Dataset records
= = = =
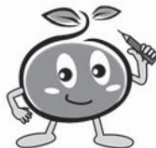
マスコットキャラクター 「つっちー」

明るい農林業・農山村を次世代へつないでいくためには、農林業センサスへの皆さま一人ひとりのご協力が必要です。
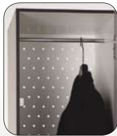
Barra para perchas. No disponible estante superior
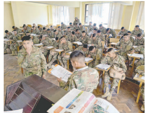
Rumbo al Censo, premilitares fueron capacitados

Para las capacitaciones, el INE implementó una plataforma semipresencial con el objetivo de garantizar el aprendizaje del agente censal en la obtención de datos censales de calidad, siguiendo estándares internacionales. El contenido de la plata-
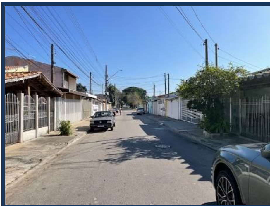
Vista da Rua Regina Alves dos Santos que lhe dá acesso.
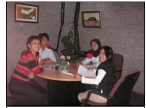
Talkshow SBM di Country Station
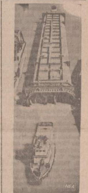
Kalifornijoje Napa upe velkamas 324 pėdų ilgio povandeninis pastatas, kuris San Francisco įlankoje sudarys tunelio dalį. Ilankio statomas povandeninis tunelis San Francisco miesto apylinkėse susisiekimui pagerinti. Šis pastatas bus nuvilktas į paskyrimo vietą ir parandintas. Veliau juo vaikščios traukiniai ir abi pusės.

● Kai kurios moterys tiek blogai vairuoja automobilį, kad policija turėtų joms išrašyti tikečius bent pusmečiui iš karto.
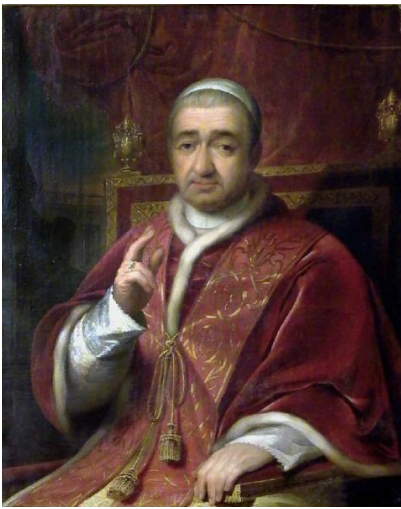
Papa Gregorio XVI

Per cui appena cominciato a fare il giornalista, a Panorama poi alla Stampa e infine a Repubblica , ho sempre fatto in modo che nell'armadietto dietro la scrivania ci fosse a portata di mano l'edizione dei Sonetti, completa di indice dei nomi, dei luoghi e delle cose notevoli; così come nei miei vari pc e devices, compreso l'iphone, non mancano mai files, in formato word e pdf, dedicati per un'agevole ricerca automatica – che in realtà tanto agevole non è considerate le varianti, i raddoppi, le maiuscole – su e giù lungo l'ottovolante dei 2273 sonetti. Amen.
= = = =
- TO DO -
Could you repeat all of the data exactly, minus the pictures?

- RESPONSE BELOW -
マスコットキャラクター 「つっちー」

明るい農林業・農山村を次世代へつないでいくためには、農林業センサスへの皆さま一人ひとりのご協力が必要です。
Barra para perchas. No disponible estante superior
Rumbo al Censo, premilitares fueron capacitados

Para las capacitaciones, el INE implementó una plataforma semipresencial con el objetivo de garantizar el aprendizaje del agente censal en la obtención de datos censales de calidad, siguiendo estándares internacionales. El contenido de la plata-
Vista da Rua Regina Alves dos Santos que lhe dá acesso.
Talkshow SBM di Country Station
Kalifornijoje Napa upe velkamas 324 pėdų ilgio povandeninis pastatas, kuris San Francisco įlankoje sudarys tunelio dalį. Ilankio statomas povandeninis tunelis San Francisco miesto apylinkėse susisiekimui pagerinti. Šis pastatas bus nuvilktas į paskyrimo vietą ir parandintas. Veliau juo vaikščios traukiniai ir abi pusės.

● Kai kurios moterys tiek blogai vairuoja automobilį, kad policija turėtų joms išrašyti tikečius bent pusmečiui iš karto.
Papa Gregorio XVI

Per cui appena cominciato a fare il giornalista, a Panorama poi alla Stampa e infine a Repubblica , ho sempre fatto in modo che nell'armadietto dietro la scrivania ci fosse a portata di mano l'edizione dei Sonetti, completa di indice dei nomi, dei luoghi e delle cose notevoli; così come nei miei vari pc e devices, compreso l'iphone, non mancano mai files, in formato word e pdf, dedicati per un'agevole ricerca automatica – che in realtà tanto agevole non è considerate le varianti, i raddoppi, le maiuscole – su e giù lungo l'ottovolante dei 2273 sonetti. Amen.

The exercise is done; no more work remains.